▶ _Your task_:
Lines from the line with "Стрекоза на тростнике, крылья" to the line with "Kadın kapüşonlu, kürklü" in the entries below, and only those, must be output exactly, with both ends included.

▶ _Input for this task_:
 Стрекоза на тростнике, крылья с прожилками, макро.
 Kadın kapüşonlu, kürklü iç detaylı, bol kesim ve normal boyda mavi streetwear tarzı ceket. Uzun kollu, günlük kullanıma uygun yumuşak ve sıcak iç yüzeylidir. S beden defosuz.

---

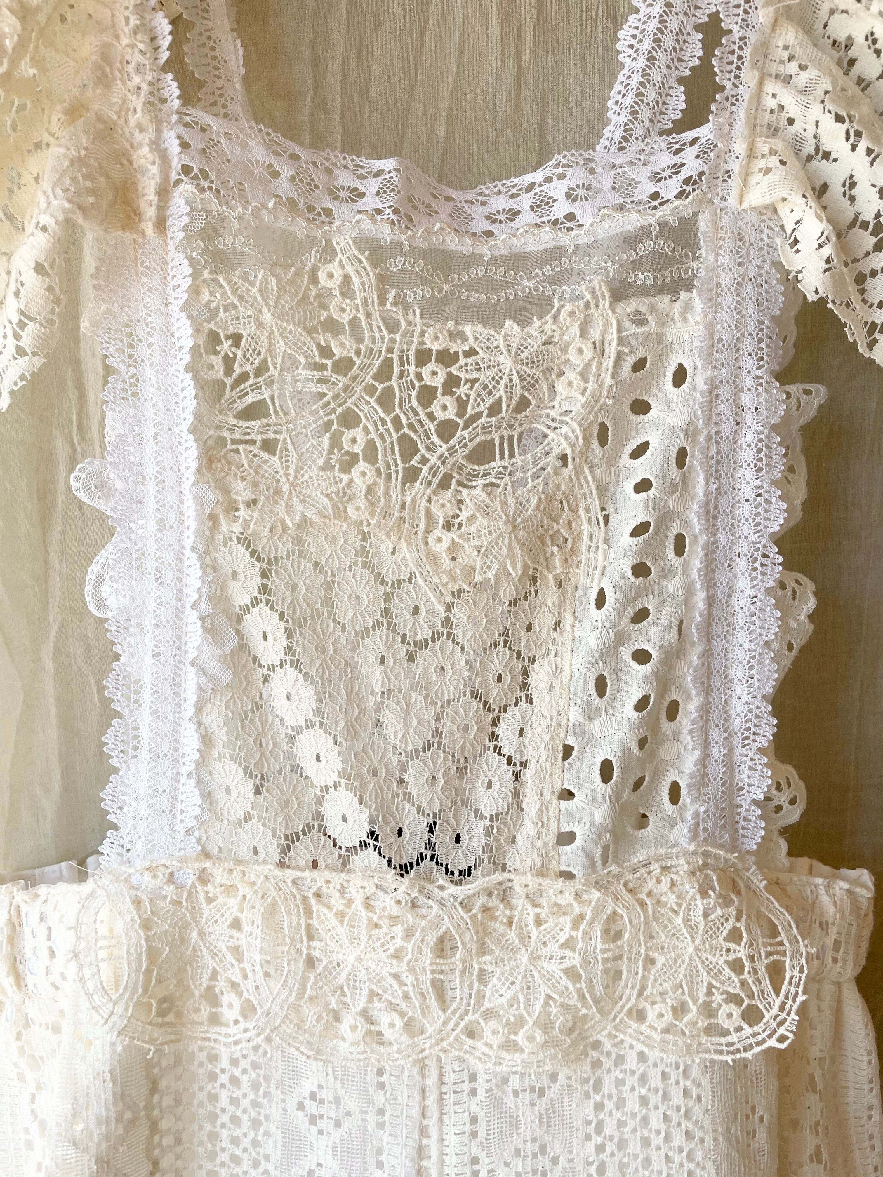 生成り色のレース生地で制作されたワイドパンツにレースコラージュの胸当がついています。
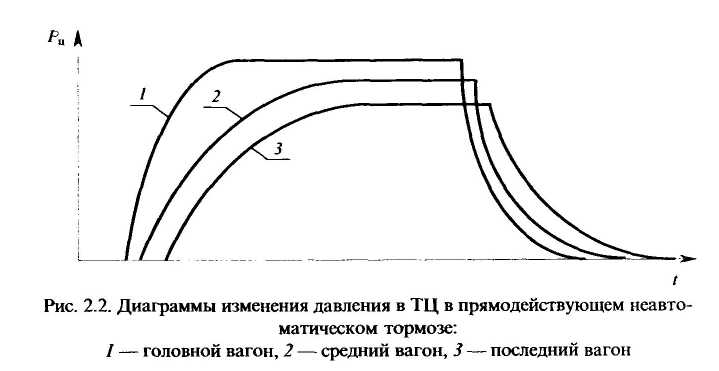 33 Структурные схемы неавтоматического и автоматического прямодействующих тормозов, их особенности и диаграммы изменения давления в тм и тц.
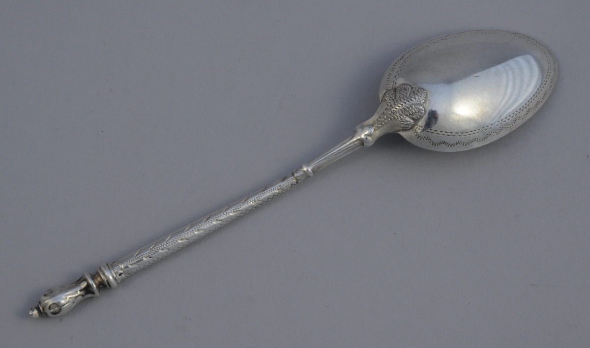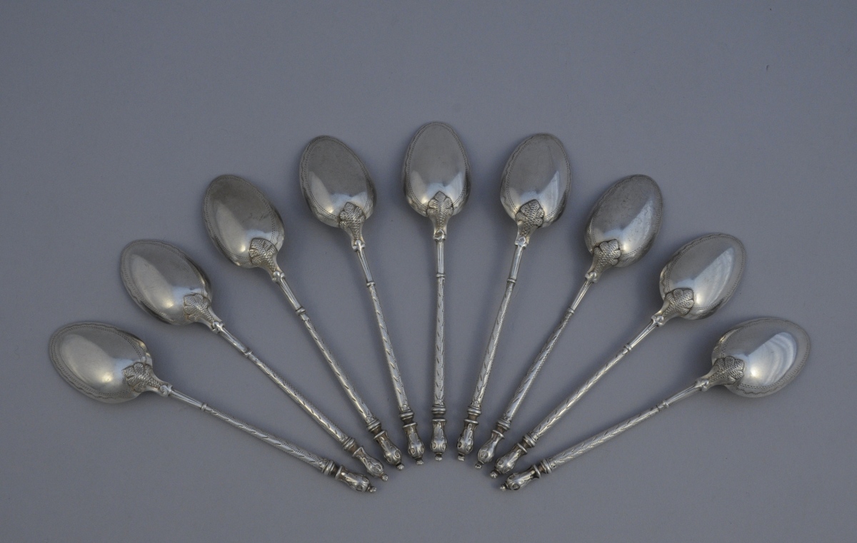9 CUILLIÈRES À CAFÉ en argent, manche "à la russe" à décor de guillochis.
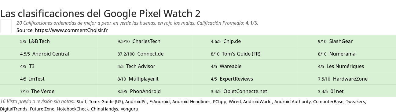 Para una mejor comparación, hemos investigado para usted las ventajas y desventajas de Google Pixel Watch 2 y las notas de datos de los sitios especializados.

...

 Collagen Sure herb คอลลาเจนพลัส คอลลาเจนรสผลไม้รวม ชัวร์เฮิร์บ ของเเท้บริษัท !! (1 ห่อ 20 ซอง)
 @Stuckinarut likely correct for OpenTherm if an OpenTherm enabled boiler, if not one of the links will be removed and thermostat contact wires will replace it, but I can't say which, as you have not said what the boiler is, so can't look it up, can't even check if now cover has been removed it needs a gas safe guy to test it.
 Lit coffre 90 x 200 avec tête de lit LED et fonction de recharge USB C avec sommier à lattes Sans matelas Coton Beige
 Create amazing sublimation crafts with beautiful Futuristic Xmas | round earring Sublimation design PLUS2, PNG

▶ _Written answer_:
 Стрекоза на тростнике, крылья с прожилками, макро.
 Kadın kapüşonlu, kürklü iç detaylı, bol kesim ve normal boyda mavi streetwear tarzı ceket. Uzun kollu, günlük kullanıma uygun yumuşak ve sıcak iç yüzeylidir. S beden defosuz.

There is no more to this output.